Trifurcula ortneri

Scientific classification
- Kingdom: Animalia
- Phylum: Arthropoda
- Clade: Pancrustacea
- Class: Insecta
- Order: Lepidoptera
- Family: Nepticulidae
- Genus: Trifurcula
- Species: T. ortneri
- Binomial name: Trifurcula ortneri (Klimesch, 1951)
- Synonyms: Nepticula ortneri Klimesch, 1951; Stigmella ortneri;

= Trifurcula ortneri =

- Authority: (Klimesch, 1951)
- Synonyms: Nepticula ortneri Klimesch, 1951, Stigmella ortneri

Species of moth

Trifurcula ortneri is a moth of the family Nepticulidae. It is widespread in the western Mediterranean region, where it is known from the Algarve in Portugal, Spain, France and Italy (Emilia-Romagna, Veneto).
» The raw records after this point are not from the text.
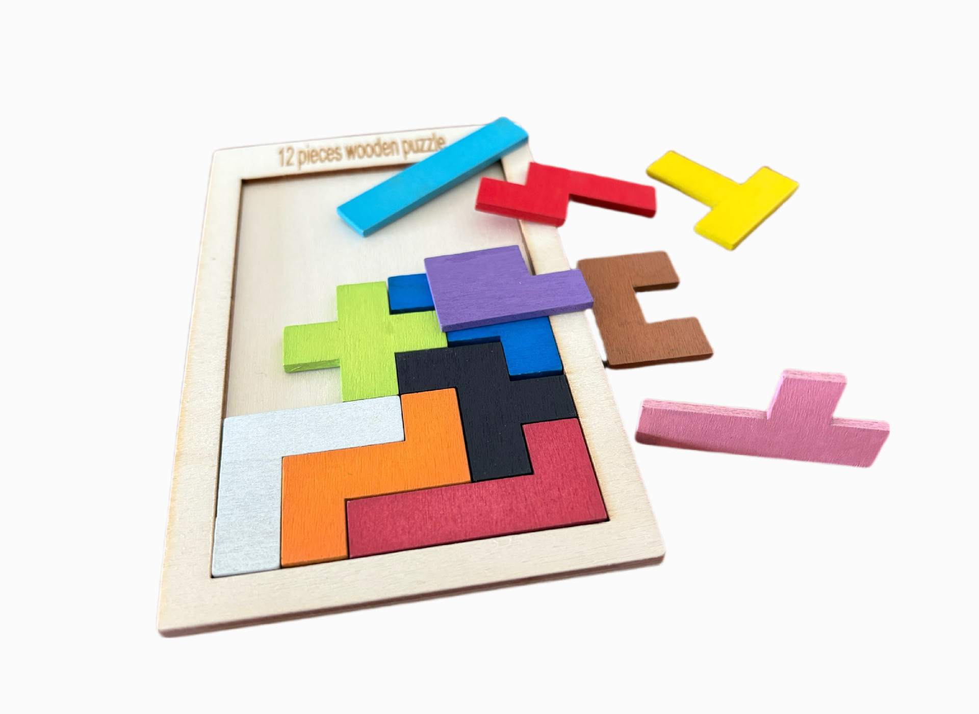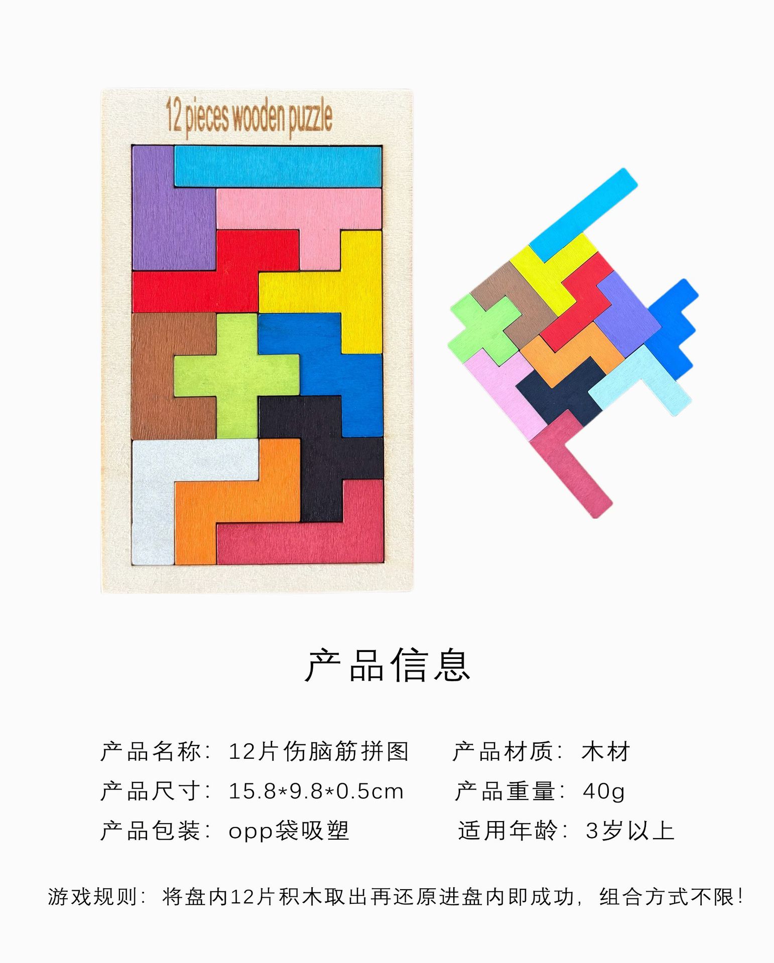 어린이 두뇌 퍼즐 11피스 육각형 퍼즐 빌딩 블록 입체 테트리스 루반 잠금 나무 장난감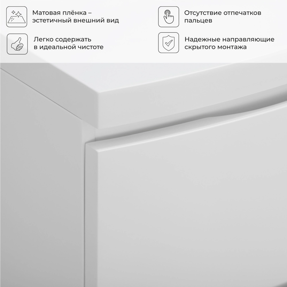 Подвесная тумба с раковиной Итана Arko 70 станет не только стильным акцентом для вашей ванной комнаты. Эстетически привлекательный дизайн с радиусными фасадами подчеркивает современный стиль интерьера. Благодаря подвесной конструкции, такая мебель значительно упрощает уборку, обеспечивая легкий доступ к полу. Тумба с раковиной в ванную изготовлена из высококачественных материалов, что гарантирует долгий срок службы и сохранность внешнего вида на протяжении многих лет. Продуманное до мелочей исполнение фасадов, мягкость линий и современный дизайн делают её отличным дополнением к любой ванной комнате. Качественная фурнитура с доводчиками обеспечивает легкое открывание и плавное закрывание ящиков. Тумба с раковиной с ящиками, где можно рационально распределить и разместить все необходимые вещи для ванной комнаты. Для точного выбора тумбы рекомендуем обратиться к схеме замеров, которая находится на фото в карточке товара. Размеры изделия могут отличаться +/-1 см в связи со спецификой производства. Подвесная тумба с раковиной приходит в надежной упаковке и в собранном виде.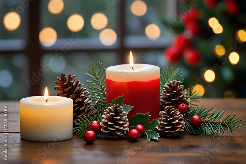 christmas, candle, red candle, pine cone, holly berries, evergreen, winter, holiday, festive, decoration, light, bokeh, warm, cosy, romantic, celebration, season, christmas, holiday season, christmas, christmas decoration, candlelight, home decor, wooden table, background, blurred background, out of focus, still life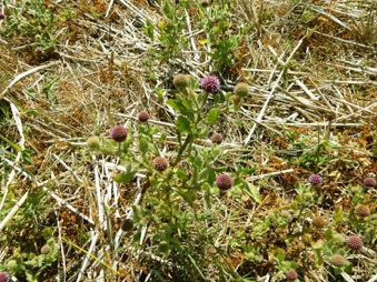 BMKの東にある乾燥した棚田に生えていた。日本で見られるルリタマアザミと同じ程の球形の花。小さいものはオジギソウの花にも似ているが、ルリタマアザミともオジギソウとも葉の形が異なるので帰国してから調べることにして現地では撮影に専念。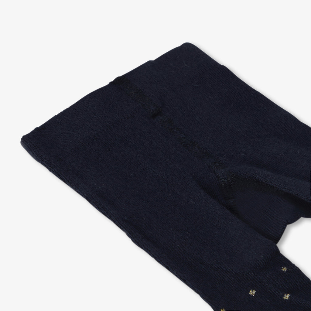 小さなゴールドドット(水玉模様)が印象的なタイツ。日常のシルエットやホリデーの装いにさりげない輝きを添えてくれます。柔らかで履きやすく、赤ちゃんのワードローブにおすすめです。

It has also been recorded from Croatia (Dalmatia), Morocco and Algeria, eastern Austria, Hungary, Slovakia and Germany (Baden-Württemberg and Thüringen).

The larvae feed on Coronilla coronata, Coronilla emerus, Coronilla minima, Coronilla vaginalis, Coronilla valentina, Coronilla valentine glauca and Coronilla viminalis. They mine the leaves of their host plant.